WHAT YOU NEED TO DO
Start at the first line below and write out everything verbatim except the pictures.

AVAILABLE DATA
--------

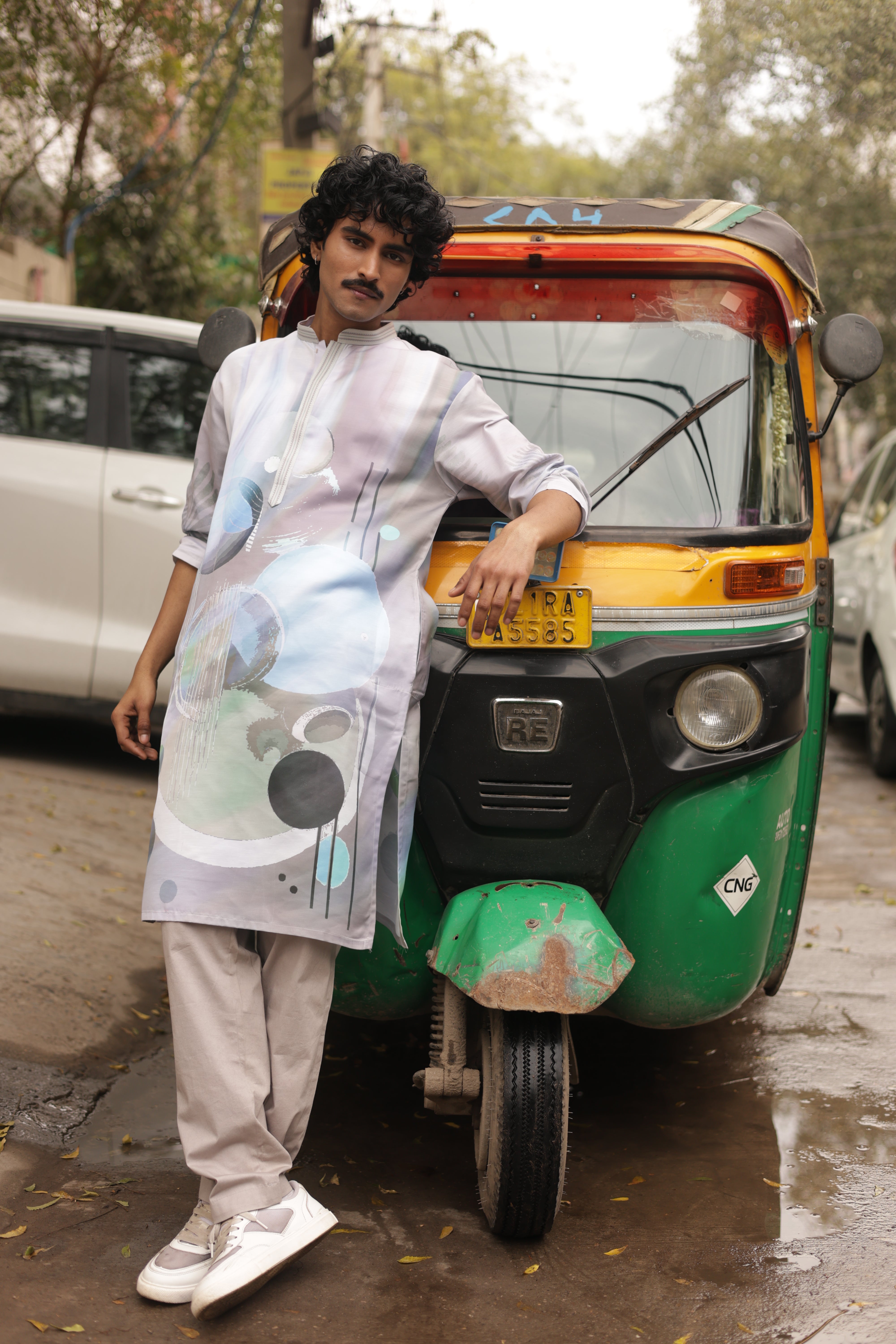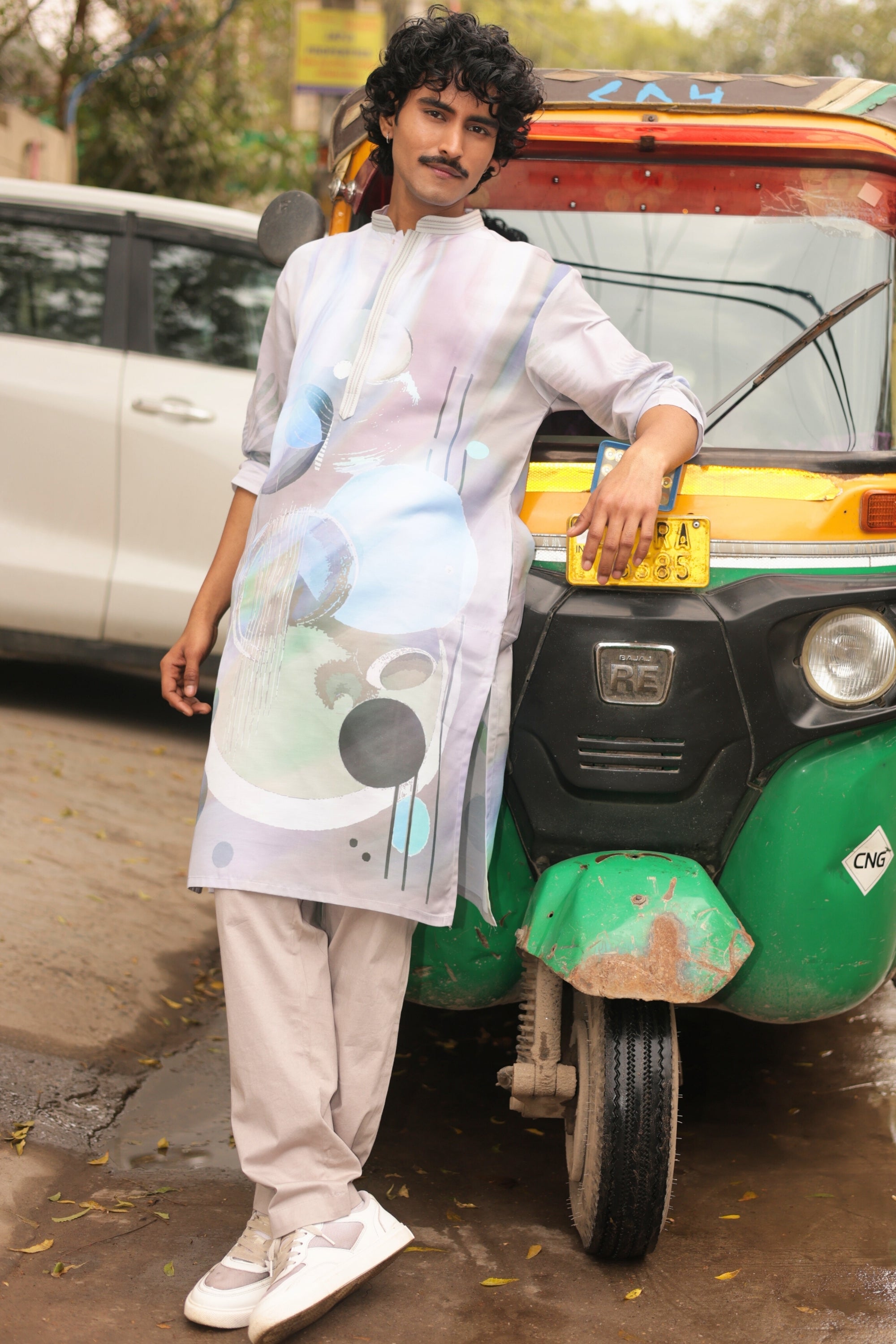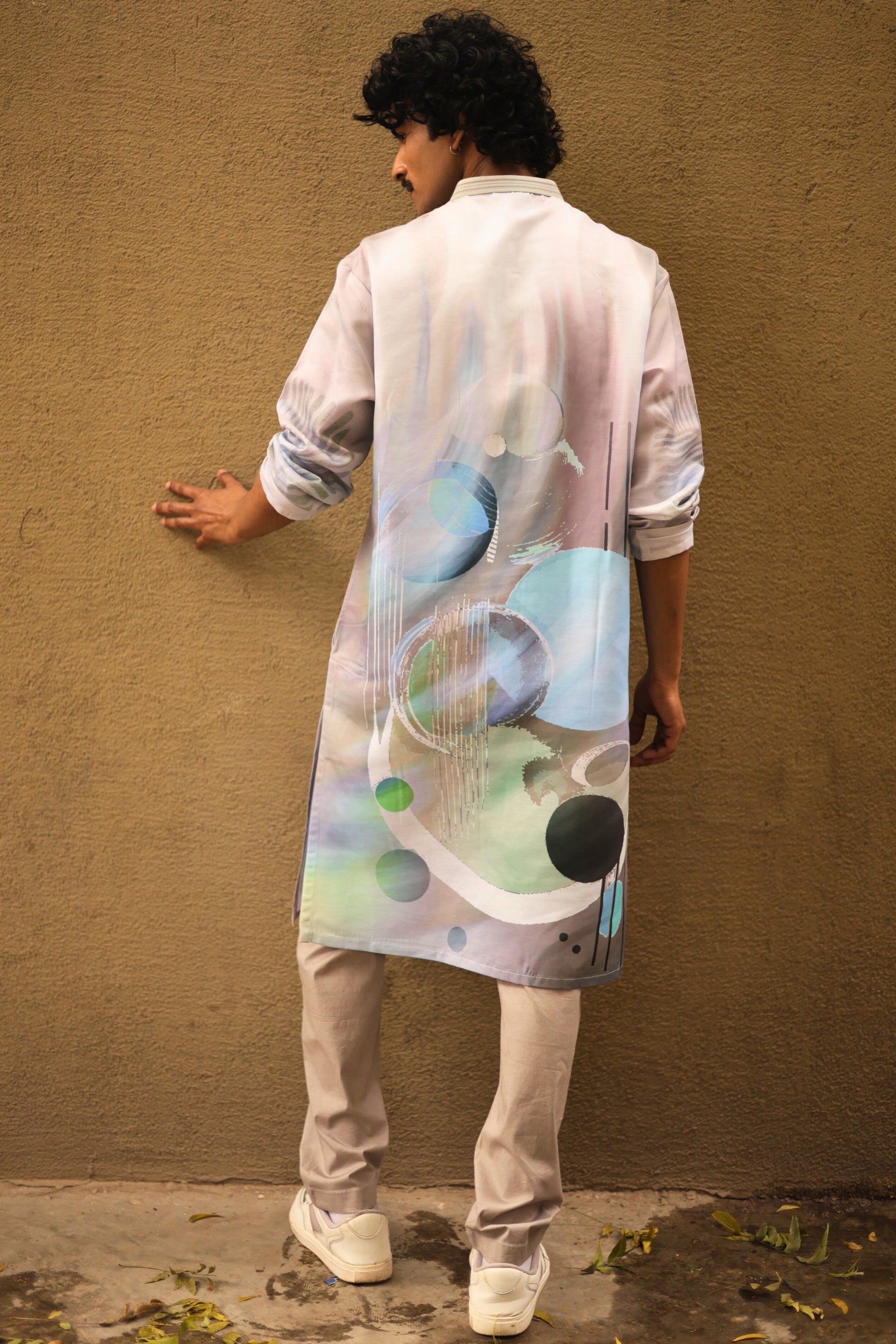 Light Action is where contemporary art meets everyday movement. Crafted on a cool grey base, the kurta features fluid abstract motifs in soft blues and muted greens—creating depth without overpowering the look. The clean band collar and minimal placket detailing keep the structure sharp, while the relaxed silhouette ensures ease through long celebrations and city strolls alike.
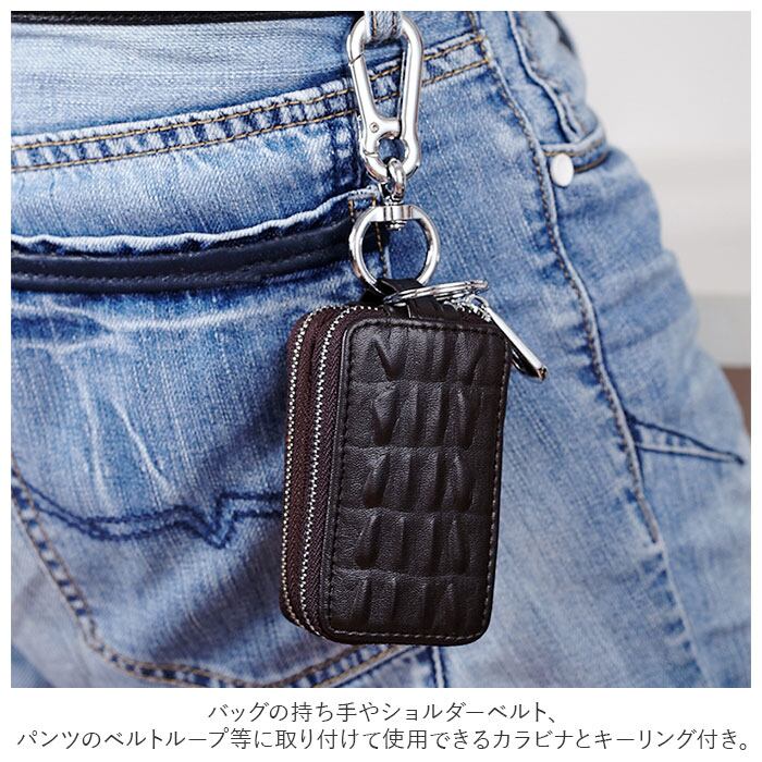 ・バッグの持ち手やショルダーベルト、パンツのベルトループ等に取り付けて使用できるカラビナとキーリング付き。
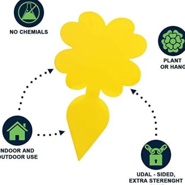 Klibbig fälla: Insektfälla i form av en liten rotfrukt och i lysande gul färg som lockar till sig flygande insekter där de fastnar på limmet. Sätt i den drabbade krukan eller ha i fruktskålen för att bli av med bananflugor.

--------

WRITTEN SOLUTION
 Light Action is where contemporary art meets everyday movement. Crafted on a cool grey base, the kurta features fluid abstract motifs in soft blues and muted greens—creating depth without overpowering the look. The clean band collar and minimal placket detailing keep the structure sharp, while the relaxed silhouette ensures ease through long celebrations and city strolls alike.
 ・バッグの持ち手やショルダーベルト、パンツのベルトループ等に取り付けて使用できるカラビナとキーリング付き。
 Klibbig fälla: Insektfälla i form av en liten rotfrukt och i lysande gul färg som lockar till sig flygande insekter där de fastnar på limmet. Sätt i den drabbade krukan eller ha i fruktskålen för att bli av med bananflugor.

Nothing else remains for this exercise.